Uma hora antes do início, a organização passou distribuindo senhas. Do nada, uma nuvem de gente veio lá de trás, com as senhas nas mãos, correndo, para tentar entrar antes daqueles que aguardavam na fila. Talvez realmente fosse mais pertinente deixa-los entrar. Afinal, lá dentro o assunto seria a ética. E era isso que eles precisavam aprender.
Dias antes, uma amiga me procura para “desabafar”. Traz consigo um dilema: conheceu um rapaz interessante, que se mostra também interessado, mas não sabe exatamente se deve engatar o relacionamento. Por que? “Talvez não seja a hora”, “não gosto da forma como ele se veste”, “não sei se a gente combina” – uma série de argumentos vagos, imprecisos, e bem diferentes das queixas anteriores, quando ela se dizia disponível para o amor.

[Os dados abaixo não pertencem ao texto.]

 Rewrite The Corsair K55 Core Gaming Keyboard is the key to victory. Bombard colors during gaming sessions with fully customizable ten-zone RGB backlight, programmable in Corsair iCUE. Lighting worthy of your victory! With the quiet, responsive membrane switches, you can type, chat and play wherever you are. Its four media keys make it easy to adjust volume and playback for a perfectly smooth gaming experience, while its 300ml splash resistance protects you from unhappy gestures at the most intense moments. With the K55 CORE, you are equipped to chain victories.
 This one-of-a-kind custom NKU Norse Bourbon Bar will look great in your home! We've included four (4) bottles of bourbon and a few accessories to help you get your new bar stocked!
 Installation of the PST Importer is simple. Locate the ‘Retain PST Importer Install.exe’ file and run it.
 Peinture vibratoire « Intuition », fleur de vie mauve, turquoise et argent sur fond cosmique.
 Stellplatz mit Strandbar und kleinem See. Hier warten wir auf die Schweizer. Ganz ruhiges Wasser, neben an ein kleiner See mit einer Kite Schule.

Em comum, essas histórias trazem consigo a incoerência – uma velha conhecida, cada vez mais íntima na medida em que avanço no meu ofício como analista. As pessoas querem, mas não querem. Creem, mas duvidam. Pregam uma coisa, fazem outra. Desdenham e se ressentem quando perdem.

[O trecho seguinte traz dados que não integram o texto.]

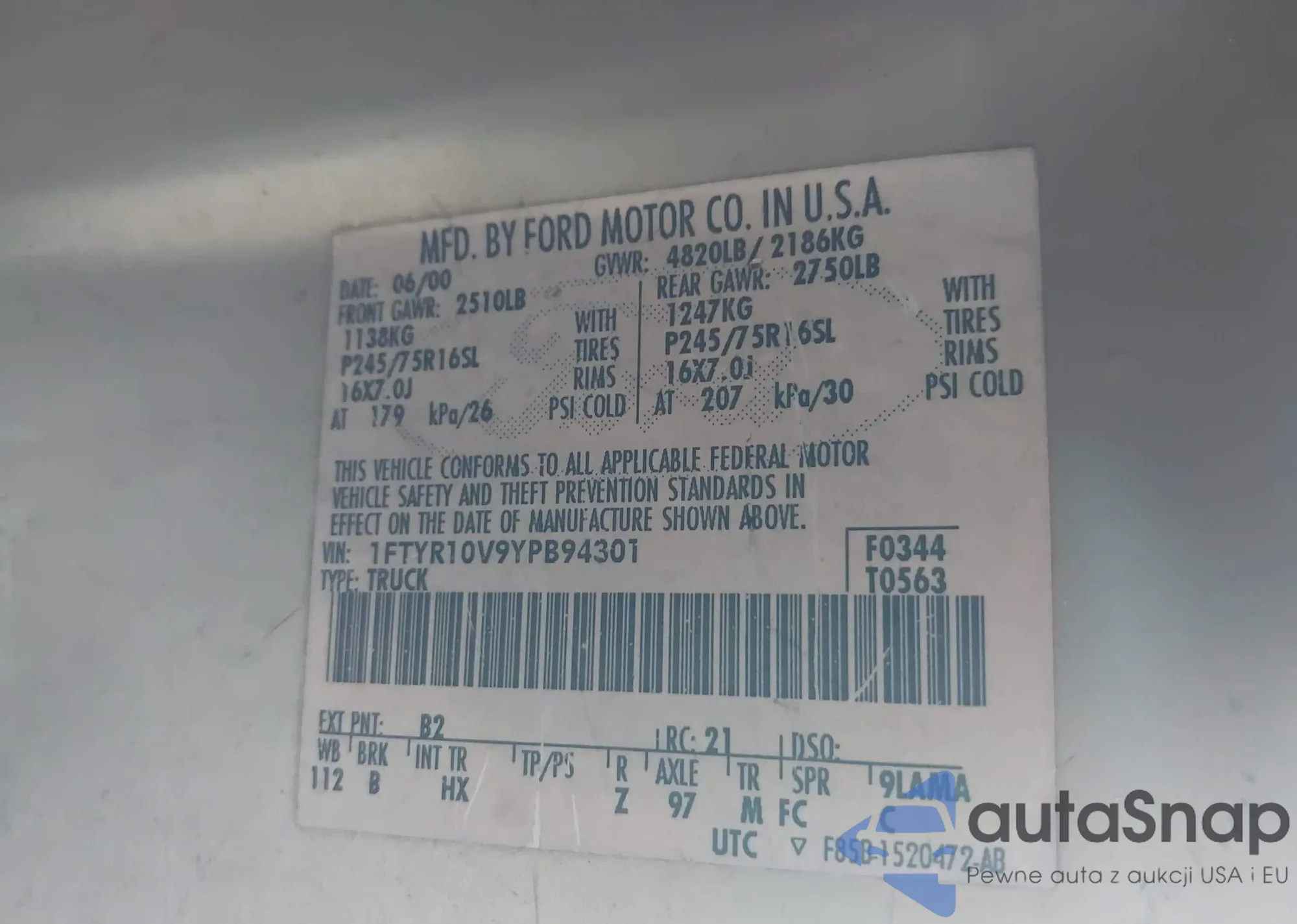 LOT: 42876430 VIN: 1FTYR10V9YPB94301

Duvidar não é o problema nessa questão. Na verdade, é um ótimo indicador de saúde psíquica: mostra que a alma encontra brechas na visão unilateral da neurose, minimizando-a. A vida cheia de certezas é mais limitada e, consequentemente, mais propensa a adoecer.
Esse comportamento visa compensar algum déficit inconsciente. O mais óbvio é a sombra da incapacidade. As fantasias podem inclinar o indivíduo a querer abraçar todas as chances possíveis, uma vez que não saberá novamente quando estará novamente diante delas. No entanto, não se dá conta de possíveis incompatibilidades que tais oportunidades trazem entre si, ou os choques que promovem com as escolhas prévias.
Do que precisamos
A incoerência dá muito mais trabalho, é um desperdício de energia e também uma porta para desentendimentos. Despertará no outro o descrédito, e isso afastará oportunidades do sujeito incoerente – que também poderá ser interpretado como imaturo, oportunista, volúvel. Veja bem, o prejuízo é grande.

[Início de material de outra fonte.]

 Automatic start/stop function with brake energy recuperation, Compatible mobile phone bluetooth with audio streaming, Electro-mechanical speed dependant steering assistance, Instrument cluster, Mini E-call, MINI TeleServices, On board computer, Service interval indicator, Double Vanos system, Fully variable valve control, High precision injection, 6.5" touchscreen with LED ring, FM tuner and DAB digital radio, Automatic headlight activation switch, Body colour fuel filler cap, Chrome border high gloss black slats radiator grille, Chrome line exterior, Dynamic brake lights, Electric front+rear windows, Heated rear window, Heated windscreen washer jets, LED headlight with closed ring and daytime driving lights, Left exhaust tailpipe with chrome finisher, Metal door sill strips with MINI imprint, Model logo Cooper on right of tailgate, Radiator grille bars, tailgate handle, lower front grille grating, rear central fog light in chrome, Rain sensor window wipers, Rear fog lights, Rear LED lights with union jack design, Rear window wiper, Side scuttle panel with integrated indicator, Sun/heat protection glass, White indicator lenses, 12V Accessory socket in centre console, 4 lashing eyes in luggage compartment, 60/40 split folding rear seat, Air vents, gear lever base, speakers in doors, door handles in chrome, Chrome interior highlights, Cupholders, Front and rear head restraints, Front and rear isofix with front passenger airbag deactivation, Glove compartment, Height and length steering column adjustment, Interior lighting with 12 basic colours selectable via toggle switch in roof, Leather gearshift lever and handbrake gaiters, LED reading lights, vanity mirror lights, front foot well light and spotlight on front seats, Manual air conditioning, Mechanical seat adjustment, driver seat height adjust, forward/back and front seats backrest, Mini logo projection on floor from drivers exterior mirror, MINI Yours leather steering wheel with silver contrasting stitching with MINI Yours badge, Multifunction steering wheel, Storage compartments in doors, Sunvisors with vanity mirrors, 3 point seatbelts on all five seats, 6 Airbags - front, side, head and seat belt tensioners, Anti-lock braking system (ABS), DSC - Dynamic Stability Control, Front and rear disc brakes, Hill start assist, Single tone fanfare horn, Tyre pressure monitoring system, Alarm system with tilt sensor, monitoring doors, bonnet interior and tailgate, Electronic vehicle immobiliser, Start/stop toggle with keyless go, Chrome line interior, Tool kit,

A fórmula da coerência parece ser afinar desejo, razão e emoção às circunstâncias. A avaliação criteriosa desses fatores, conciliados ao contexto no qual estamos inseridos, é o que permite ter referenciais mais lúcidos para nossas escolhas.
Acrescente na receita a imprevisibilidade e a paciência para aguardar o momento certo. Descarte as respostas prontas, o medo e a ansiedade. Duvidar é sempre um bom caminho. Como resultado, teremos não só uma vida mais coerente e dotada de propósitos, mas também alguém que se conhece mais, com mais aptidão a viver e contribuir com o mundo.